Her seferinde 30 saniye boyunca yaklaşık 30 ila 50 gram kuru buzu iki kez öğüterek ticari bir kahve öğütücüyü soğutmaya başlayın. Kuru buz tozunu atın ve önceden soğutulmuş kahve değirmeninde üç gram donmuş maya hücreli spagetti ile yaklaşık 30 ila 50 gram kuru buzla karıştırın. Kapak ve öğütücü arasındaki bağlantıyı Parafilm ile kapatın.
Maya hücresi kuru buz karışımını her biri 30 saniye olacak şekilde 10 kez karıştırın ve her tur arasında 30 saniyelik aralıklarla karıştırın. Elde edilen maya hücresi kuru buz tozunu temiz ve kuru bir spatula kullanarak plastik bir behere aktarın. Kuru buz buharlaşmasından sonra, maya hücresi tozuna proteaz ve fosfataz inhibitörleri ile 2.25 mililitre manyetik boncuk veya MB tamponu ekleyin.
Hücre tampon karışımını kuvvetlice pipetledikten sonra, hücre süspansiyonunu 15 mililitrelik konik bir tüpe aktarın. Daha sonra, DNA için ham hücre ekstraktlarından %0,1 ve protein analizi için %0,05 numuneleri eksi 20 santigrat derecede saklayın. Kalan hücre süspansiyonunu düşük bağlayıcı iki mililitrelik reaksiyon tüplerine aktarın ve tüpleri santrifüjleyerek hücre kalıntılarını ayırın.
Bittiğinde, tüm süpernatantları 15 mililitrelik bir konik tüpe çekin. Yine, DNA için süpernatantın %0.1'ini eksi-20 santigrat derecede ve protein analizi için süpernatantın %0.05'ini saklayın. Daha sonra, 500 mikrolitre immünoglobulin G-bağlı manyetik boncuk bulamacını, proteaz ve fosfataz inhibitörleri içeren 500 mikrolitre soğuk MB tamponu ile iki kez, her biri beş dakika boyunca, dört santigrat derecede, 20 RPM'de döndürerek yıkayın.

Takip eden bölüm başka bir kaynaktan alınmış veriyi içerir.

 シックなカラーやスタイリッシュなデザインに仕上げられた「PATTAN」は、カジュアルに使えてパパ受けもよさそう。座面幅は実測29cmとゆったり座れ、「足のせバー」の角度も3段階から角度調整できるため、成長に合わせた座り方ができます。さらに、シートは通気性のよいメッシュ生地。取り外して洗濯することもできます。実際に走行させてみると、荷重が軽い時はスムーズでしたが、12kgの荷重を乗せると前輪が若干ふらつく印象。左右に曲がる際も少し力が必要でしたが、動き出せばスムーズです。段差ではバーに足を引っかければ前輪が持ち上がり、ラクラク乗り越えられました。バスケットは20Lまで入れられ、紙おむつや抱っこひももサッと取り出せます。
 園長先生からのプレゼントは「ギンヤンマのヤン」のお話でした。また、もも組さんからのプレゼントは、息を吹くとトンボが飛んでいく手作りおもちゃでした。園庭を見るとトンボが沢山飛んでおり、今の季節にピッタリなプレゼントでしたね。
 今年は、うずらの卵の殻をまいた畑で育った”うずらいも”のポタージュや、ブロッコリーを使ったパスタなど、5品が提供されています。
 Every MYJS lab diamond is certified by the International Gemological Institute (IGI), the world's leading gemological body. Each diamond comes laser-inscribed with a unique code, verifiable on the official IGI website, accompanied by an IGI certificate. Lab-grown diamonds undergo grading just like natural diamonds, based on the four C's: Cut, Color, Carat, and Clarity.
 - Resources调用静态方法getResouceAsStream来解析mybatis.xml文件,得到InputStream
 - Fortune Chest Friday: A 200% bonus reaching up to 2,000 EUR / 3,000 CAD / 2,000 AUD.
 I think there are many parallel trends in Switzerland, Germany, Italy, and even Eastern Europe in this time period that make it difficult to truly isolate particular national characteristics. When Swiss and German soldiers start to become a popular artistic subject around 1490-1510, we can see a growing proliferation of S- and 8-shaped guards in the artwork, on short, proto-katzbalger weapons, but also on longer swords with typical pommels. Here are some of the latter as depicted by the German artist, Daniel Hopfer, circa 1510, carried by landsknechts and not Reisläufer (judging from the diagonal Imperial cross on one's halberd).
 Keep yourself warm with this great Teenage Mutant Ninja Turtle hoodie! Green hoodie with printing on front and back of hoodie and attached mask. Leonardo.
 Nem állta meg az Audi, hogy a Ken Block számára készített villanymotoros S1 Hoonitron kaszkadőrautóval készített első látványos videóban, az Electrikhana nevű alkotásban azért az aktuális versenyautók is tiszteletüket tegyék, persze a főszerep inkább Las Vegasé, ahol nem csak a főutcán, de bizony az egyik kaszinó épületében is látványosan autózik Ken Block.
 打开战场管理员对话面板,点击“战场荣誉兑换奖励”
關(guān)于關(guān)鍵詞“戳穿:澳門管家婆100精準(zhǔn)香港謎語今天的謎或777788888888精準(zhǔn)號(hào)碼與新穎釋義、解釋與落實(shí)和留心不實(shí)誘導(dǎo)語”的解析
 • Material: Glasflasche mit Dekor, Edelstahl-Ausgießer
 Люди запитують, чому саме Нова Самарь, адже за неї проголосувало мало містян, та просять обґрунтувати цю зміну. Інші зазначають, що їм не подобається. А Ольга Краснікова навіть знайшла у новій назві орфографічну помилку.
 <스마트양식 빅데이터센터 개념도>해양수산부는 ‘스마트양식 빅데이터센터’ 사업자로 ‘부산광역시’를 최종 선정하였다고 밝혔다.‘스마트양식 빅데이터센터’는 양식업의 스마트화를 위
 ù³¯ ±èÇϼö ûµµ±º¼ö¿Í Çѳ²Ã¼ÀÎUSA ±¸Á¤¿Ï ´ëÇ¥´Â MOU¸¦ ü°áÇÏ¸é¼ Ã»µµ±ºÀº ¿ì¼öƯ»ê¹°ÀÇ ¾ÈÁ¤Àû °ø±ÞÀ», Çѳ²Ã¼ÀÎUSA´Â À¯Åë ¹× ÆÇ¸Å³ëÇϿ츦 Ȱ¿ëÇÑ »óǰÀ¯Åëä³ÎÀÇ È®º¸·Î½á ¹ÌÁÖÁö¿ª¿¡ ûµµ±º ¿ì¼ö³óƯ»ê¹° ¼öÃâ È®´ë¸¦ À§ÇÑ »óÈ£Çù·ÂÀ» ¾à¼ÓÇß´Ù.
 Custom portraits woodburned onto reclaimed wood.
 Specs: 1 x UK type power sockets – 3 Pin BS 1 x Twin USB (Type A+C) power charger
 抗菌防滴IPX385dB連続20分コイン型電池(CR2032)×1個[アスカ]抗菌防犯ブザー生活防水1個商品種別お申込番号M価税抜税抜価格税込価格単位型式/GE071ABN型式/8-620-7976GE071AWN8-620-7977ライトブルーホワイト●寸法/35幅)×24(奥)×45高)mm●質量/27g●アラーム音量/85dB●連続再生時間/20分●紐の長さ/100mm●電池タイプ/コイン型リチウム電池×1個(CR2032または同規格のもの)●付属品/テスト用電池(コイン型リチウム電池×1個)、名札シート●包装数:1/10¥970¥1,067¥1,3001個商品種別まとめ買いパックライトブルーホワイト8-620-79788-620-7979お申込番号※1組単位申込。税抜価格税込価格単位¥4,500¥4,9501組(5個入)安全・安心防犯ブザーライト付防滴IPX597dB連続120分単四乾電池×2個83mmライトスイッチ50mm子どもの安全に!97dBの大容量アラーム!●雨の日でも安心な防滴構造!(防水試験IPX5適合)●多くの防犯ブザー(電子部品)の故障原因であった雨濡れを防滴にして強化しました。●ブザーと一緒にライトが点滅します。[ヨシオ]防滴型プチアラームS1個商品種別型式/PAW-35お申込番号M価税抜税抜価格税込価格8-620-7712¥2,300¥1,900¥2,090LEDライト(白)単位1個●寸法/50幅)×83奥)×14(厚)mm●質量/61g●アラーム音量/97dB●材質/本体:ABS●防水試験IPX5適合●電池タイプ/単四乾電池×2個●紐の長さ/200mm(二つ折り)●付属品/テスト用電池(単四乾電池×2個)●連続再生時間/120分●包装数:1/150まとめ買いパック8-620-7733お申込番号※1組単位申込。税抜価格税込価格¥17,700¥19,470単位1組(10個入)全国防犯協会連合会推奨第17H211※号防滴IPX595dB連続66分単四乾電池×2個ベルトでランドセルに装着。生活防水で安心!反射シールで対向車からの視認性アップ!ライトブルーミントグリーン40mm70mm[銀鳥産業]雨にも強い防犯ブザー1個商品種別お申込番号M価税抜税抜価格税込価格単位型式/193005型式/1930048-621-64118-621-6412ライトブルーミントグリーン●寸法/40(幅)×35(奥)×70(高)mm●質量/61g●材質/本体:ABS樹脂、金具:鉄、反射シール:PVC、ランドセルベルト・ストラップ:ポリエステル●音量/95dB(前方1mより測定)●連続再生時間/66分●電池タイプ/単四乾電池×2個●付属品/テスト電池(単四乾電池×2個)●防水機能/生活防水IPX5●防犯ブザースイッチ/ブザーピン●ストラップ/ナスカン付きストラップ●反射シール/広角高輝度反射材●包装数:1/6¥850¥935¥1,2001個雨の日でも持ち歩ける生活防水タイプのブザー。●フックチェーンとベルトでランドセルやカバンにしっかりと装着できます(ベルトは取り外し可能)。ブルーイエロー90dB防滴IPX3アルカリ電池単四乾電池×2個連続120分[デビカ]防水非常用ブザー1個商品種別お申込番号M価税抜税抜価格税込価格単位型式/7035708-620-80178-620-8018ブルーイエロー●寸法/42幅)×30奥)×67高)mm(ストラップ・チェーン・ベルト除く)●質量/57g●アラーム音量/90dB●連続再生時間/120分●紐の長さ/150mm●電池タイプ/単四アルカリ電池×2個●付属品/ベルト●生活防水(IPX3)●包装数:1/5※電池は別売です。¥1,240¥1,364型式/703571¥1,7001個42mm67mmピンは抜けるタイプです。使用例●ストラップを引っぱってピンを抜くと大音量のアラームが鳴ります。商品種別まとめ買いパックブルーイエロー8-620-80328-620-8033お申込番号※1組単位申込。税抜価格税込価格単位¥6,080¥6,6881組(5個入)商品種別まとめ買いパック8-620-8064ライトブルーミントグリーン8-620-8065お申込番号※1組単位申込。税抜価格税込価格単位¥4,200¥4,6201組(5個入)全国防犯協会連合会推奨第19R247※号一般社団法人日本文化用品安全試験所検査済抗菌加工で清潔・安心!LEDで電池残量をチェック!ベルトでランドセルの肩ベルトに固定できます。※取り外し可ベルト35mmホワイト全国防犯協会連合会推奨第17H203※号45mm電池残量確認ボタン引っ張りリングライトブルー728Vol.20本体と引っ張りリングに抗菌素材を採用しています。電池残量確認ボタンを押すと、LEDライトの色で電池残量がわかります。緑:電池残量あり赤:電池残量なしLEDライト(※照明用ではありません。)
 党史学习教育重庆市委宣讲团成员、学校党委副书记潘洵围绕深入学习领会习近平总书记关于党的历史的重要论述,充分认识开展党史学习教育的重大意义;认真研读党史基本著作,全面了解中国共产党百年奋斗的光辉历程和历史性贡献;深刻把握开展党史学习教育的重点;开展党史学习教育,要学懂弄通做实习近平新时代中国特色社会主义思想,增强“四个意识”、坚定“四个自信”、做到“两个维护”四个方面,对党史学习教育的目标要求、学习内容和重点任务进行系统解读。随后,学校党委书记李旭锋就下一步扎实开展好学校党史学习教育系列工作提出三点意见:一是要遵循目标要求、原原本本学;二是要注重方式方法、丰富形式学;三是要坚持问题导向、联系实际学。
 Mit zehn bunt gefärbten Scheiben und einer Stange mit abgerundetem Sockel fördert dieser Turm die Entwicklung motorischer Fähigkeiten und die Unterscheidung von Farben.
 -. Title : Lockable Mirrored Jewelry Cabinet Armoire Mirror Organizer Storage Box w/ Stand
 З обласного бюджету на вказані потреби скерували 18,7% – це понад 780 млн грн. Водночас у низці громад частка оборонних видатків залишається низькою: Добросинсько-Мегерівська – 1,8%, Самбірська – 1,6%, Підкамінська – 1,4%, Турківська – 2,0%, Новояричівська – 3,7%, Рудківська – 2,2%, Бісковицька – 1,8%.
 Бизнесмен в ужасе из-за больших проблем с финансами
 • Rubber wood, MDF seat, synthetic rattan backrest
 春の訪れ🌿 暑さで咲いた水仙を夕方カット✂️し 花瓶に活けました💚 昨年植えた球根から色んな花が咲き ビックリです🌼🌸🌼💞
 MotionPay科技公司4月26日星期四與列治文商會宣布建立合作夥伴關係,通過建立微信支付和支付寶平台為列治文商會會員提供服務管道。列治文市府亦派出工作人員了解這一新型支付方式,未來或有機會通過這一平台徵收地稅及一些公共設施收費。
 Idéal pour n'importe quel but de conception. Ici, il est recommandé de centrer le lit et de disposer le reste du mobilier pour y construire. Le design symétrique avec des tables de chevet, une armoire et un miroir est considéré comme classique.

Manyetik bir raf kullanarak süpernatanı boncuklardan çıkarmadan önce, manyetik boncukları 500 mikrolitre soğuk MB tamponunda dört santigrat derecede bir saat boyunca, 20 RPM'de dönerek inkübe edin. Dengelenmiş manyetik boncuk bulamacını, daha önce elde edilen hücre lizatı ile karıştırın ve 15 mililitrelik konik bir tüpe çekin. Dört santigrat derece ve 20 RPM'de iki saat inkübe ettikten sonra, tam manyetik boncuk hücresi lizat süspansiyonunu düşük bağlayıcı reaksiyon tüplerine aktarın.
İlgilenilen kromatin halkalarını taşıyan manyetik boncukları, manyetik bir raf kullanarak hücre lizatından ayırın. DNA ve protein analizi için bazı numuneleri eksi 20 santigrat derecede saklamadan önce, her tüpten kalan akışı 15 mililitrelik yeni bir konik tüpe aktarın. Daha sonra, manyetik boncuğu her 15 mililitrelik konik tüpten 300 mikrolitre soğuk MB tamponunda askıya alın ve boncukları bir reaksiyon tüpünde birleştirin.
Proteaz ve fosfataz inhibitörleri içeren 750 mikrolitre soğuk MB tamponu kullanarak, 20 RPM'de dönerken dört santigrat derecede her biri 10 dakikalık beş yıkama gerçekleştirin. Ardından, proteaz ve fosfataz inhibitörleri olmadan 750 mikrolitre soğuk MB tamponu ile son yıkamayı gerçekleştirin. Hazırlanan boncukları proteaz ve fosfataz inhibitörleri olmadan 40 mikrolitre soğuk MB tamponunda süspanse edin.